*EXERCISE REQUIREMENTS*: Leave the pictures out, and transcribe the material below exactly from the line with "Better Homes and" to the line with "статуса хозяина дома.", both lines included.

*SOURCE RECORDS*:
+ + + +
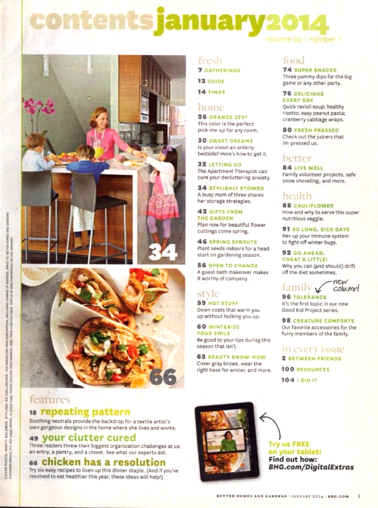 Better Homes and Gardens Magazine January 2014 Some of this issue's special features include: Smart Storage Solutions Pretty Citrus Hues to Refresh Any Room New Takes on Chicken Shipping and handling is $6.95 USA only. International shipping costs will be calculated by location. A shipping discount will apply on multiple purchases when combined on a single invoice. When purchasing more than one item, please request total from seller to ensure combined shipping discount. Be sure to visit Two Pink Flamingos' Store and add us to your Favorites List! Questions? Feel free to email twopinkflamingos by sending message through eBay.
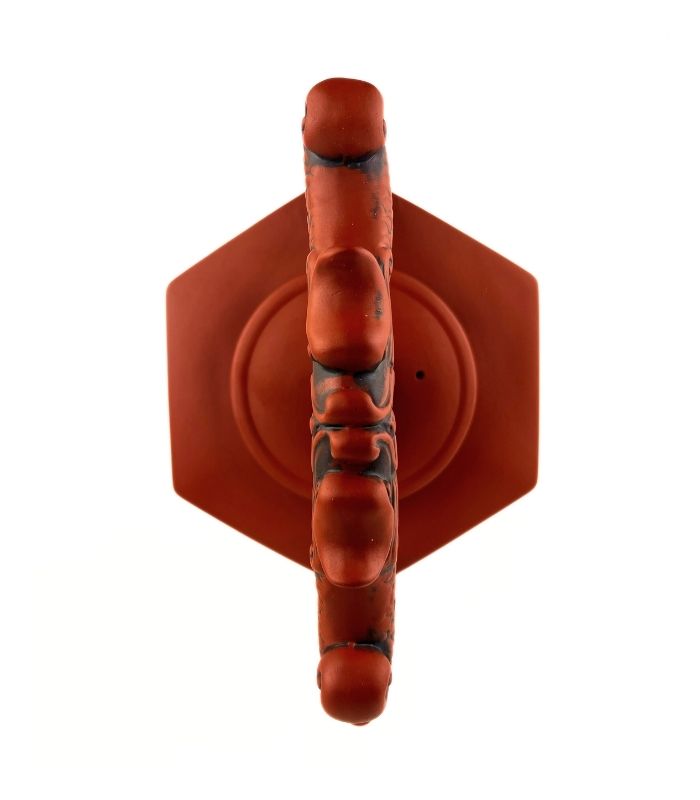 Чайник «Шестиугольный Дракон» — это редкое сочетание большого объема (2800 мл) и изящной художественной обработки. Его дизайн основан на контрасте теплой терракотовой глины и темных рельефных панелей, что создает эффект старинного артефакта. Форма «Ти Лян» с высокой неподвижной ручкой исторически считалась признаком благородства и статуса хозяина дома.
+ + + +
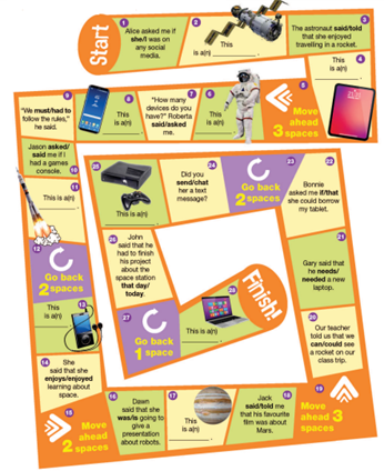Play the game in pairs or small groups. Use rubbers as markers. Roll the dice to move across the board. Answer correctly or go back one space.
+ + + +
*ANSWER FOR THIS EXERCISE*:
 Better Homes and Gardens Magazine January 2014 Some of this issue's special features include: Smart Storage Solutions Pretty Citrus Hues to Refresh Any Room New Takes on Chicken Shipping and handling is $6.95 USA only. International shipping costs will be calculated by location. A shipping discount will apply on multiple purchases when combined on a single invoice. When purchasing more than one item, please request total from seller to ensure combined shipping discount. Be sure to visit Two Pink Flamingos' Store and add us to your Favorites List! Questions? Feel free to email twopinkflamingos by sending message through eBay.
 Чайник «Шестиугольный Дракон» — это редкое сочетание большого объема (2800 мл) и изящной художественной обработки. Его дизайн основан на контрасте теплой терракотовой глины и темных рельефных панелей, что создает эффект старинного артефакта. Форма «Ти Лян» с высокой неподвижной ручкой исторически считалась признаком благородства и статуса хозяина дома.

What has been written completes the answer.